Over a relatively short period of time, the Bitcoin industry has come a long way — from an idea for a fairly narrow circle of enthusiasts to a global financial phenomenon. However, as the audience has expanded, institutional players and regulators have entered the crypto space, while users still overwhelmingly keep their assets on centralized platforms.
About whether the original ideas of Bitcoin — such as decentralization, independence from intermediaries, and control over one’s own funds — have been lost in this evolution, we spoke with Matej Žák, CEO of Trezor, a pioneer of hardware Bitcoin wallets and one of the main advocates of the self-custody model.
In this interview, we talk about how the industry has changed and how the hardware wallet market is maturing, as well as quantum threats, artificial intelligence, and why centralized platforms remain the main «entry point» into the world of crypto.
You joined Trezor in 2019 and have come a long way — from Product Manager to CEO. Yet even before that, you worked on projects connected to digital and tech innovation. How did your journey with Bitcoin begin?
Before joining Trezor in 2019, I worked on several tech and digital projects — mostly in product and innovation roles. That background gave me a practical sense of how good ideas are translated into real, usable tools — and how important it is to focus on what brings long-term value to people.
I first encountered Bitcoin as part of that exploration — not just as a technology, but as a shift in how we think about ownership, responsibility, and trust. The idea of individuals being able to verify and control their assets directly, without intermediaries, was something that immediately resonated with me.
When I joined Trezor, it felt like a natural extension of those values. And over time, as I moved from Product Manager to CPO to CEO, I’ve seen how powerful this model can be — when users have the tools and confidence to be fully in control. That principle continues to guide everything we do. We are a product driven company.
Mass adoption is only meaningful if it preserves the core values that made Bitcoin worth adopting in the first place
How do you assess the evolution of the crypto market over the years? In your view, has the industry drifted far from Satoshi’s original vision, or is this just a natural stage of its evolution?
The crypto market has changed a lot over the years — and that’s inevitable. As adoption grows, the ecosystem naturally becomes more complex. We now have a wide spectrum of participants: from individual users and developers to large financial institutions, each with different motivations and goals.
Some of that evolution clearly drifts away from Satoshi’s original vision — especially when we see increasing reliance on custodial platforms or closed, opaque systems.
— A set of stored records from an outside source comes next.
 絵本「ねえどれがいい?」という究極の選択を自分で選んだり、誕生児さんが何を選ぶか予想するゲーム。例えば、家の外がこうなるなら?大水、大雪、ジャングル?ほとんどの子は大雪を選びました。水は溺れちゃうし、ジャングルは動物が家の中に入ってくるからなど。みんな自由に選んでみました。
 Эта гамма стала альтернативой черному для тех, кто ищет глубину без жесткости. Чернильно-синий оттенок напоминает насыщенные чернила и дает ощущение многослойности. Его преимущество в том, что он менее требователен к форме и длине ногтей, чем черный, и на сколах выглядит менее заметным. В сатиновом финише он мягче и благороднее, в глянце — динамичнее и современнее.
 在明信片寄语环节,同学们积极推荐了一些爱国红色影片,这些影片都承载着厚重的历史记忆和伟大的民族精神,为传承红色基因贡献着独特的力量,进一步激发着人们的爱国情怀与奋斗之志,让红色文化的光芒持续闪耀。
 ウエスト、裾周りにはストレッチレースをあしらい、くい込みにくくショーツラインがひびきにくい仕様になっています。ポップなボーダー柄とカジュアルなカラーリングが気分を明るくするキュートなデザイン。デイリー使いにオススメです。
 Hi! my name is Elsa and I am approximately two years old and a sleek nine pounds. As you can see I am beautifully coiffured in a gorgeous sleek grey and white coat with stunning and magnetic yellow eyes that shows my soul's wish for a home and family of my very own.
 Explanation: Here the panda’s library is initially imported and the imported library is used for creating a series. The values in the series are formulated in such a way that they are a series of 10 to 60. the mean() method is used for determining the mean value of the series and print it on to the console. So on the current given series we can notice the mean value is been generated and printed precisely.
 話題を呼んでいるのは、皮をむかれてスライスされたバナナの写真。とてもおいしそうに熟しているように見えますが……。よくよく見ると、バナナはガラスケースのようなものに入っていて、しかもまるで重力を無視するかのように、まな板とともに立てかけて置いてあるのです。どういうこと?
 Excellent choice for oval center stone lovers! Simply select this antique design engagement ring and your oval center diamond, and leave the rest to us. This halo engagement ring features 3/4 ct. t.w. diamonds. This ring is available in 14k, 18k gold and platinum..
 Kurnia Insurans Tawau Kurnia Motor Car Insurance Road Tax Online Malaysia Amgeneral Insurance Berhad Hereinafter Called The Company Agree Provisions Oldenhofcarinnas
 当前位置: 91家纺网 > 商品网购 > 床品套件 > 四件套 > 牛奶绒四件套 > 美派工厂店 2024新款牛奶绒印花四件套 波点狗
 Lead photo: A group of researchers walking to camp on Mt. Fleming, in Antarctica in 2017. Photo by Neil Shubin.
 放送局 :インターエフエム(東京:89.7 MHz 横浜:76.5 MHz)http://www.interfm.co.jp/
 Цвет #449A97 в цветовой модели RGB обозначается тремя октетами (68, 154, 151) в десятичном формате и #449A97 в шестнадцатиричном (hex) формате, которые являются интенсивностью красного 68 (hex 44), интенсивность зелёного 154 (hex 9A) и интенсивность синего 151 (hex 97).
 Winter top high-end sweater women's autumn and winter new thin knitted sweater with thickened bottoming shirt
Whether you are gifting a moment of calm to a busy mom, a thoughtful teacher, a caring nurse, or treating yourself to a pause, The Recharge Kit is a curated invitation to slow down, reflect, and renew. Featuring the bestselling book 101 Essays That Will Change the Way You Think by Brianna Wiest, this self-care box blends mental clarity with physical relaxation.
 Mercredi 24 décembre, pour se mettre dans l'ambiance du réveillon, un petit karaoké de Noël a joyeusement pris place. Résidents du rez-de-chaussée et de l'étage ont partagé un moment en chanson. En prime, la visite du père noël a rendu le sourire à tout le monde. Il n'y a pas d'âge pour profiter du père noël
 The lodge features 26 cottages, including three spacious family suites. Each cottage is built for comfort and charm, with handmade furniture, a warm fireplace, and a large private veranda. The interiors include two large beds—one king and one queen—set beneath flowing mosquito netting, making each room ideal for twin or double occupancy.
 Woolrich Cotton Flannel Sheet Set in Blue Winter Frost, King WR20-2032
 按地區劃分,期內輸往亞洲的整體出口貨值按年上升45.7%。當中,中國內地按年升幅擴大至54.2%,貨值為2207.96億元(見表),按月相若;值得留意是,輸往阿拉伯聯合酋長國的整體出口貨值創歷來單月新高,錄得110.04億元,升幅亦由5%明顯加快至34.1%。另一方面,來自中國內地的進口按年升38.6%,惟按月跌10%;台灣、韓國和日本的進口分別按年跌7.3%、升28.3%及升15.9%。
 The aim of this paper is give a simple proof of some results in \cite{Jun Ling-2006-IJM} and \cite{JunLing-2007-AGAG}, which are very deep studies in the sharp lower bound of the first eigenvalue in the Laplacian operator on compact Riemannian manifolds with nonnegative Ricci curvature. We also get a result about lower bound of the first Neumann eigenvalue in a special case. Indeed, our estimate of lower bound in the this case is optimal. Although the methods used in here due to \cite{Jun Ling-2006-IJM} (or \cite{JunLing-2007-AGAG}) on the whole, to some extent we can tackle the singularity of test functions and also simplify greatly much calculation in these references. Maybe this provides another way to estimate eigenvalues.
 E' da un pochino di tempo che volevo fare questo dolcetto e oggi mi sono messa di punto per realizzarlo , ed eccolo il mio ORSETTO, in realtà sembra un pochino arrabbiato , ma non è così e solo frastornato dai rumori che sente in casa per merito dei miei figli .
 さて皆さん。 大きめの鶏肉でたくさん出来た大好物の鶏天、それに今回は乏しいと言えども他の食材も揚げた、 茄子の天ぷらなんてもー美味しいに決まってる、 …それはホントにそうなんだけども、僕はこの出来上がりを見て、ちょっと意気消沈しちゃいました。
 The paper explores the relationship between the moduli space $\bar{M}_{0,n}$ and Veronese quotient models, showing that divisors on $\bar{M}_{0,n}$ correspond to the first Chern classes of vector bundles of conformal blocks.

But at the same time, the core principles haven’t disappeared. In fact, we see a growing awareness around privacy, self-custody, and decentralization — especially in response to failures or overreach in more centralized parts of the system.
I see this as a necessary stage — not a betrayal, but a tension that’s always going to exist in an open ecosystem. What matters is that people still have the tools and the freedom to opt into the original vision — to hold their own keys, to verify, and to transact without permission.
Our role at Trezor is to make sure that path remains open — and accessible — no matter how the rest of the industry evolves.
Why do so many users still prefer centralized exchanges for storing their funds? Would it be fair to say that convenience — or even laziness — has won over the desire for true financial freedom? Peter Todd told us earlier that Bitcoin and non-custodial solutions are «for adults», since they require responsibility. Do you agree with that point of view?
There’s a reason centralized exchanges remain popular — they’re convenient, familiar, and often the default starting point. For many users, especially those new to crypto, that convenience outweighs the perceived complexity of self-custody. I wouldn’t call it laziness — it’s more about habits and mental models that come from traditional finance, where someone else is always in charge.
Peter Todd’s point is valid: self-custody does require a certain level of responsibility. But I don’t think it should be seen as something «only for experts» or «for adults». Our job — as a company and educators — is to reduce friction and help people feel confident stepping into that role.
At Trezor, we believe true financial freedom comes with understanding and control. That’s why we focus not just on building secure hardware, but on making the entire experience more intuitive — and on providing the education to back it up.
Do institutional players help the industry’s development and Bitcoin’s mass adoption — or do they actually contradict its original idea?
Institutional involvement in Bitcoin is a double-edged sword. On one hand, it brings visibility, infrastructure, and legitimacy — which can accelerate adoption and integration with the broader financial system. For many people, their first exposure to Bitcoin may now come through a regulated product or a familiar institution.
But on the other hand, there’s a risk that this convenience comes at the cost of the original principles: self-custody, decentralization, and individual control. If Bitcoin adoption happens only through custodial platforms or financial products, we end up recreating the same trust-based model that Bitcoin was designed to move away from.
So yes, institutions can support adoption — but the question is how. At Trezor, we believe it’s critical to ensure that users still have the option, and the understanding, to hold their own keys and verify things independently. Because mass adoption is only meaningful if it preserves the core values that made Bitcoin worth adopting in the first place.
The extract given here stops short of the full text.